I never heard of a satellite campus. Are other churches doing this?
One out of four mega-churches hold services at multiple locations. Seven out of the country’s ten fastest-growing churches offer worship in multiple locations, as do nine of the ten largest churches.
30,000 churches are predicted to be multi-site by the end of this year.

How big should a church become before it offers a second site?
Churches 250 and up successfully go multi-site.
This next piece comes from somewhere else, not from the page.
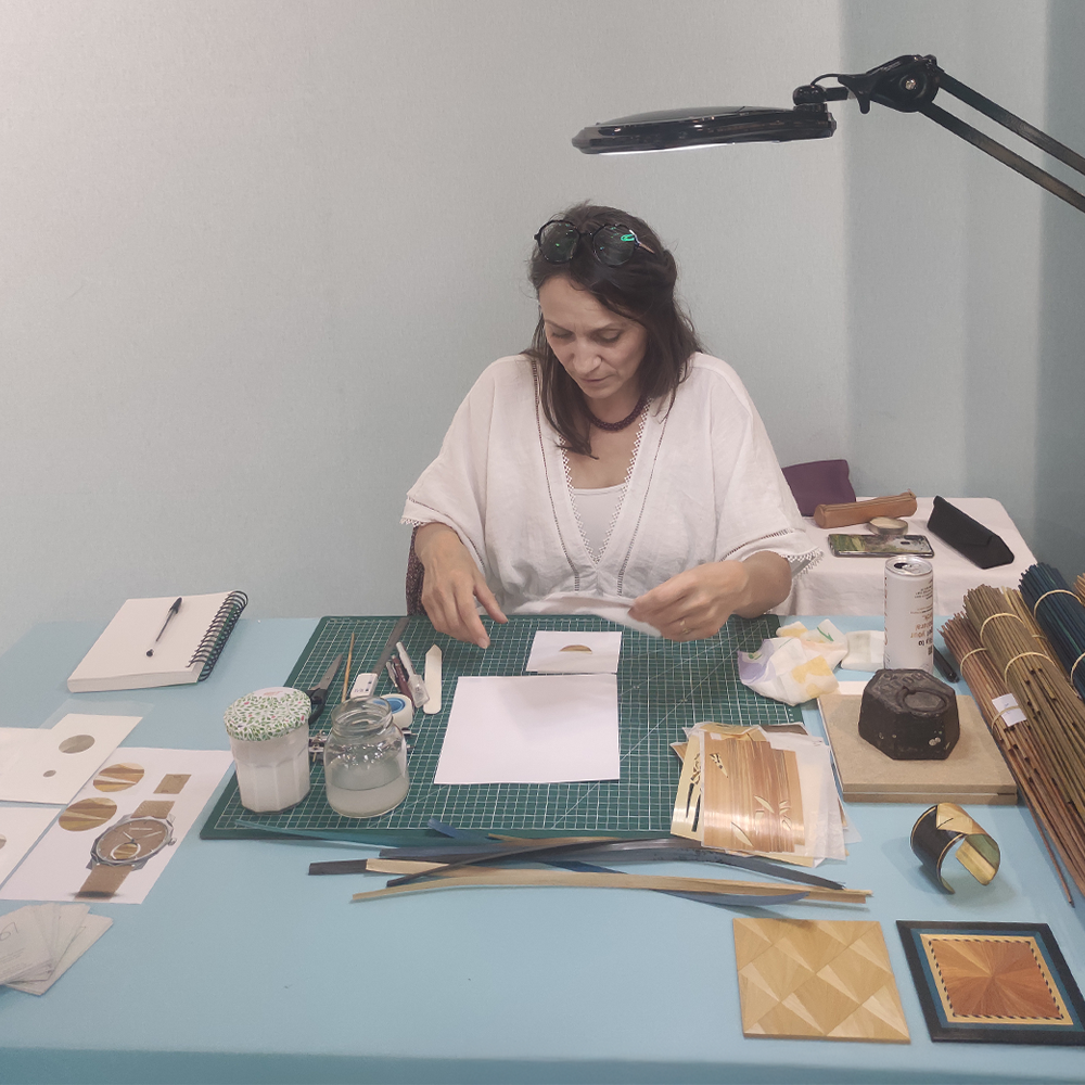 This vision takes material form through the hands of our Companion, straw marquetry artist Sabine Aucoulon. Chosen for its delicate texture and natural luminosity, the straw captures light in gentle refractions, echoing the living surface of sand shaped by wind and time.

Where would we open this campus?
We are considering Spencer. We are not settled in this direction. We are still asking God to confirm this.
The EFCA district office has Spencer on their heart. It is one of the larger cities in Iowa without an EFCA church. They are supportive of the satellite campus and are interested in working with us to move forward. Regarding timing, they recommend we move forward as soon as possible.

What are the next steps?
We began by sharing this vision with you, the congregation. Financially, we do not believe this challenge is out of reach. In the last three years, God moved the heart of his people to joyfully give $440,000 above and beyond their regular offerings. A launch price of $150,000 for a satellite campus is within our reach.
That being said, before we move forward, we desire to retire the last $40,000 of our roof and basement debt. Perhaps God is moving your heart to write a check toward helping retire this financial obligation. It wouldn’t surprise me if the $40,000 obligation was gone in a matter of weeks and we were able to come back to you with more concrete plans for a satellite campus later this summer.
The money is secondary, not primary. I like the way John Calvin said it, “Where God guides, he always provides.”
This morning, is God calling us to move out of our comfort zone and reformat the way we do church into a multi-campus model instead of a single campus approach? Is God calling us to step out of our comfort zone and plant a campus in a neighboring community? That is the question we need to answer. If God is behind this, it will succeed.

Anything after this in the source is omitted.